Uses the normal approximation for df > 30 and a lookup-based
approximation for smaller df. In production, use scipy.stats.t.sf().
"""
if df > 30:
p_one_tail = 0.5 * math.erfc(t / math.sqrt(2))
return 2 * p_one_tail
# Conservative approximation for small df
if t > 4.0:
return 0.001
elif t > 3.0:
return 0.005
elif t > 2.5:
return 0.02
elif t > 2.0:
return 0.06
elif t > 1.5:
return 0.15
elif t > 1.0:
return 0.33
else:
return 0.50
@staticmethod
def _t_critical_value(df: float, alpha: float) -> float:
"""
Approximate critical value for two-tailed t-test.
For df > 30, uses z-approximation. In production, use scipy.stats.t.ppf().
"""
if df > 30:
# z critical values for common alpha levels
z_map = {0.01: 2.576, 0.05: 1.960, 0.10: 1.645}
return z_map.get(alpha, 1.960)
# Conservative for small df
return 2.1
@staticmethod
def _chi2_survival(chi2: float, df: int) -> float:
"""
Approximate survival function (1 - CDF) for chi-squared distribution.

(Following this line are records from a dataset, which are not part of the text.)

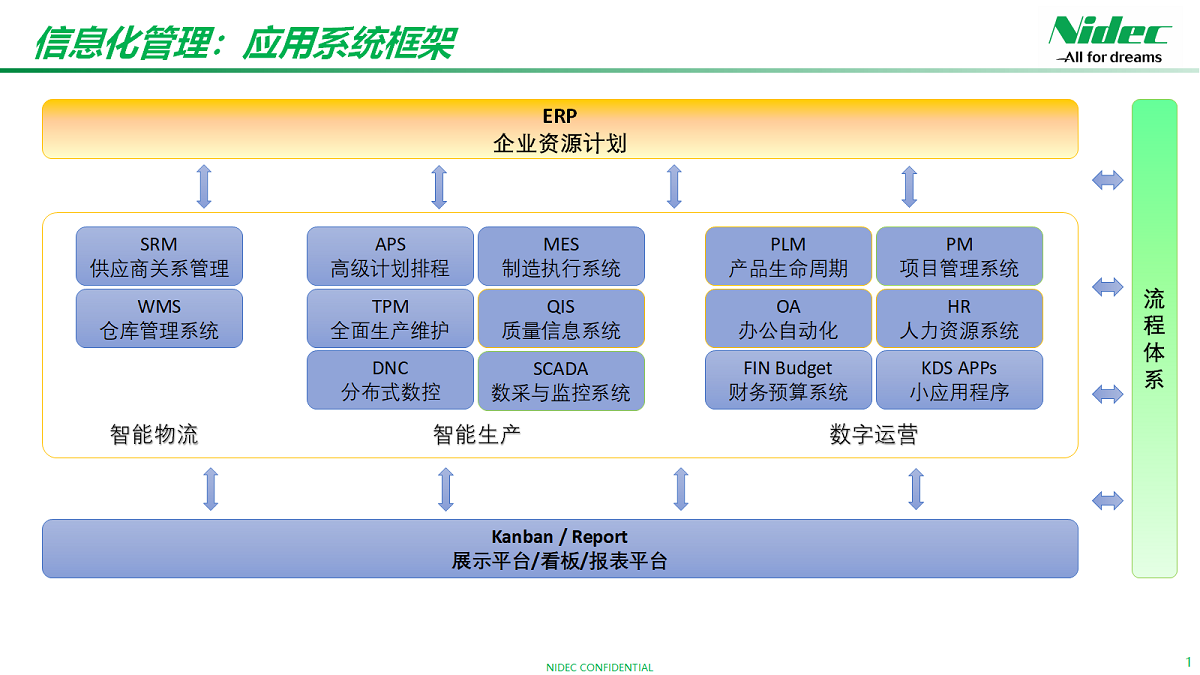 Nidec Elevator Motors SRM (சப்ளையர் உறவு மேலாண்மை), MES (உற்பத்தி செயல்படுத்தல் அமைப்பு), APS (மேம்பட்ட திட்டமிடல் மற்றும் திட்டமிடல்), WMS (கிடங்கு மேலாண்மை அமைப்பு) மற்றும் TPM (மொத்த உற்பத்திப் பராமரிப்பு) போன்ற அமைப்புகளை சுயாதீனமாக உருவாக்கியுள்ளது. இது தன்னியக்கமாக்கல், டிஜிட்டல் மயமாக்கல், மாடலிங், காட்சிப்படுத்தல், ஒருங்கிணைப்பு மற்றும் நுண்ணறிவு ஆகியவற்றின் மூலம் முழு அறிவார்ந்த உற்பத்தி முறையை உருவாக்குகிறது, சமச்சீர் உற்பத்தி திட்டமிடல் மற்றும் நெகிழ்வான ஸ்மார்ட் உற்பத்தியை மேம்படுத்துகிறது, மேலும் எதிர்காலத்தில் "கலங்கரை விளக்க தொழிற்சாலை" உருவாக்கப்படுவதற்கு உறுதியான அடித்தளத்தை அமைக்கிறது.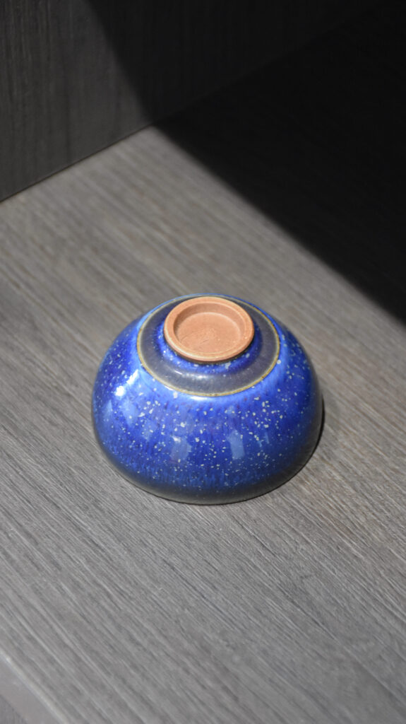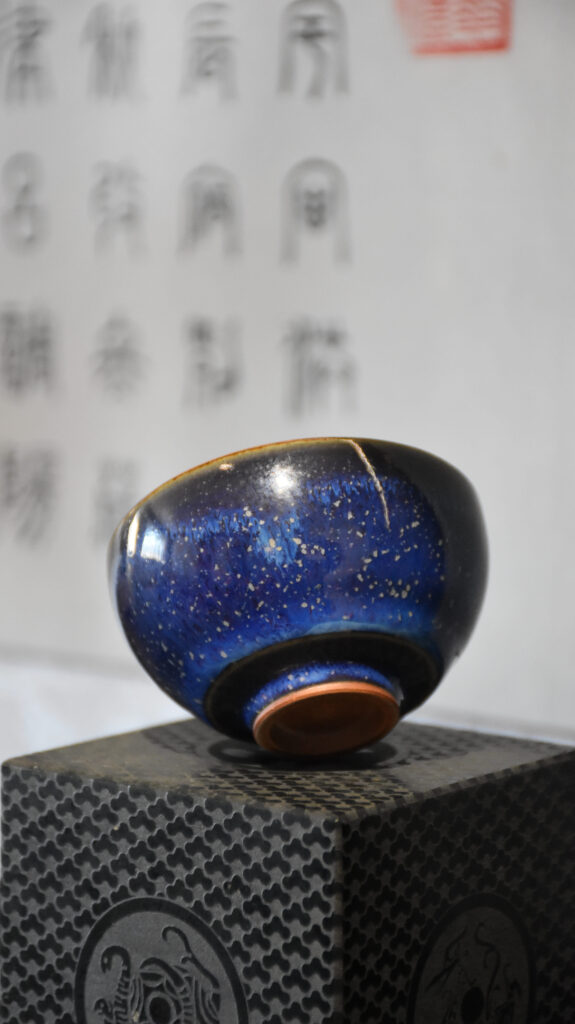 The entire piece is covered in a deep black glaze, with blue glaze smudged on the inner wall and gold specks scattered like shooting stars, combining tranquility and dynamism. Whether for tea tasting, quiet contemplation, or display, it adds elegance to the tabletop, making it a highly aesthetic and ritualistic object for tea connoisseurs.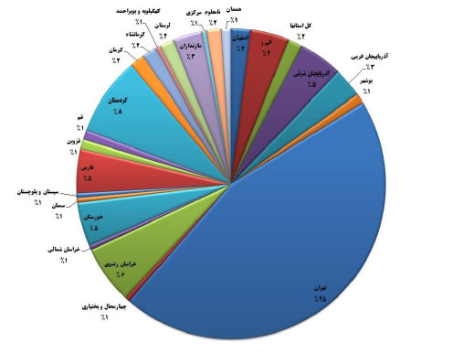 در ادامه می‌توانید نمودار دایره‌ای مربوط به مقایسه استان‌ها و حجم گزارشات ثبت شده که رابطه مستقیمی با توان گزارشگران حقوق بشر در ایران دارد را مشاهده نمائید.

Uses the normal approximation for the chi-squared statistic.
In production, use scipy.stats.chi2.sf().
"""
if df != 1:
raise ValueError("Only df=1 implemented in this approximation")
z = math.sqrt(chi2)
return math.erfc(z / math.sqrt(2))
Key Takeaways
- A/B testing is not optional — Intuition about "better" parameters fails regularly. Only controlled experiments with statistical significance testing can confirm improvements.
- Calculate sample size before launching — Running an underpowered experiment wastes traffic and produces inconclusive results. Use the sample size calculator for every experiment.
- Guardrail metrics protect against blind optimization — A variant can improve quality score while doubling latency. Always enforce guardrail thresholds.
- Gradual rollout prevents disasters — Even statistically significant results can fail at scale. The 5% to 20% to 50% to 100% ramp catches edge cases.
- Session-level assignment prevents contamination — Always assign users to variants based on session ID, not request ID. A user seeing both variants within one conversation produces unreliable data.
- Practical significance matters as much as statistical significance — A p-value < 0.05 with a 0.001 quality improvement is not worth a 20% cost increase. Always evaluate the cost-benefit ratio.